By: Scott Redler
As I come back from vacation and I look at all the charts, I see two very conflicting patterns. Short term, the market was oversold enough and technology got hit hard enough that the “Intel bad news” was bought. Also, after a week of GDP Doom and Gloomer’s the report was a bit better than predicted. Combine that with
Bernanke saying they will do “all they can” and the market staged an outside Red Dog reversal.
Not sure if we will build on it but there are some key levels to watch. The 50% bounce level from the downdraft from 1100 to 1039 stands at 1069-1071. If bears have control they will not a let a daily close above this level, and then the ultimate line in the sand is 1075-1077.
On a macro level, if you take a bigger look at the chart, there is a very negative head and shoulders pattern (I know, it never triggers). That could give us a
test of at least the old lows of 1010 with a measured move still down to 880-920 but we have to take out and close below 1040 first and then 1010.
I sold all macro longs on August 11th at 1105ish and will just trade, until I see a clear defined move coming. Right now – Trading these 30-40 handle technical moves have been paying off very nice.
Tech
AAPL was a great stop out around 255 and some got short when we broke 252. As of now, it still feels heavy but prudent shorts covered into 235-238 support. Resistance here is now 244-246. This will give us clues if market can build on Friday’s reversal.

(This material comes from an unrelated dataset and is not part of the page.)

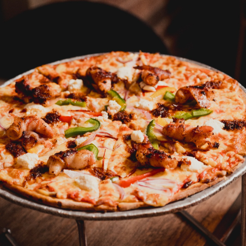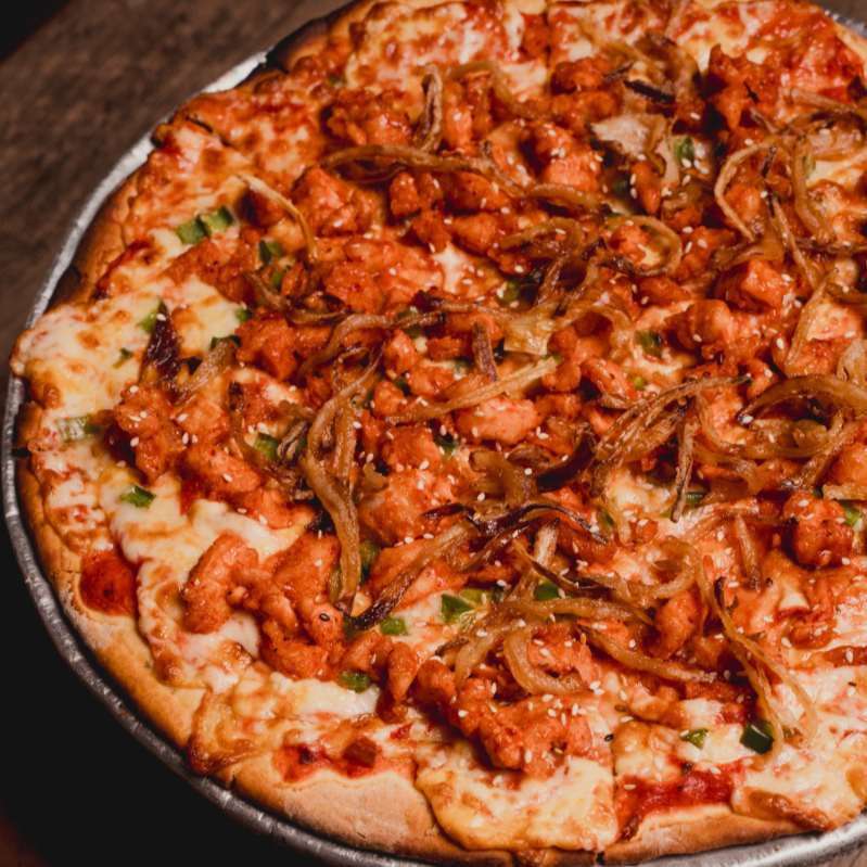 Pizza con mix de quesos, salsa pomodoro y mornay, chilorio, morrón y cebolla morada, con requesón, camarones momia y un toque de chile de árbol.

BIDU held it’s 50 day, but not excited here. Next Resistance area is 81-83
NFLX still a “go to stock” but a bit weaker. It held long term uptrend around 120ish, and now has a small pivot around 127. Big resistance around 129-131.
AMZN held the 122.50 area which was a prior buy for us. This holds in better than most, but hard to get excited.
SNDK- This Former “go to stock” had a complexion change when AAPL started getting weaker. You should have been stopped out when 40-41 broke. It was upgraded today but I would be surprised if it gets much traction.
RIMM this is a great trader for us, but you must be quick and nimble. It remains weak but I guess you can trade long vs. 45.
HPQ we dissected this trade well. I tried to keep everyone up. We bought 40.20’s and sold last shares around 41.45, now it’s lower and still broken.
CRM looks great, with a nice high level flag. If market builds on Friday, this might get thru 113-114.
FFIV acts very Well and needs some time, but is now on the list.
BANKS got hit hard
GS was a great sale for us around 154 -155 and now worth a scalp look long around 137-138.
JPM very slow but held my 35.50 buy area, now it could bounce a bit back to 38
BAC remains very weak.
V and MA hovering near lower end of ranges. Visa trying to stay above 70 and MA 200ish.
CASINOS
LVS act well and is holding up. Keep on list.
WYNN not great but keep an eye out.
OIH had a big engulfing bar and could bounce if market holds in. I see big resistance around 102.
RIG could be worth a scalp with buy area 51.50-52, but just a trade.
CMG has a great looking chart. Very strong, not sure if stock can break out but this one should be on radar if it gets going above 154.
POT still acts well as this was our strong group before the “take over announcement”.
CF and AGU look like they are playing a bit of catch up.
GLD is building a great pattern most are in tier two long with average of about 118.50.
Market needs to get above 1070ish and HOLD to relieve the short term pressure and building on Friday’s Reversal.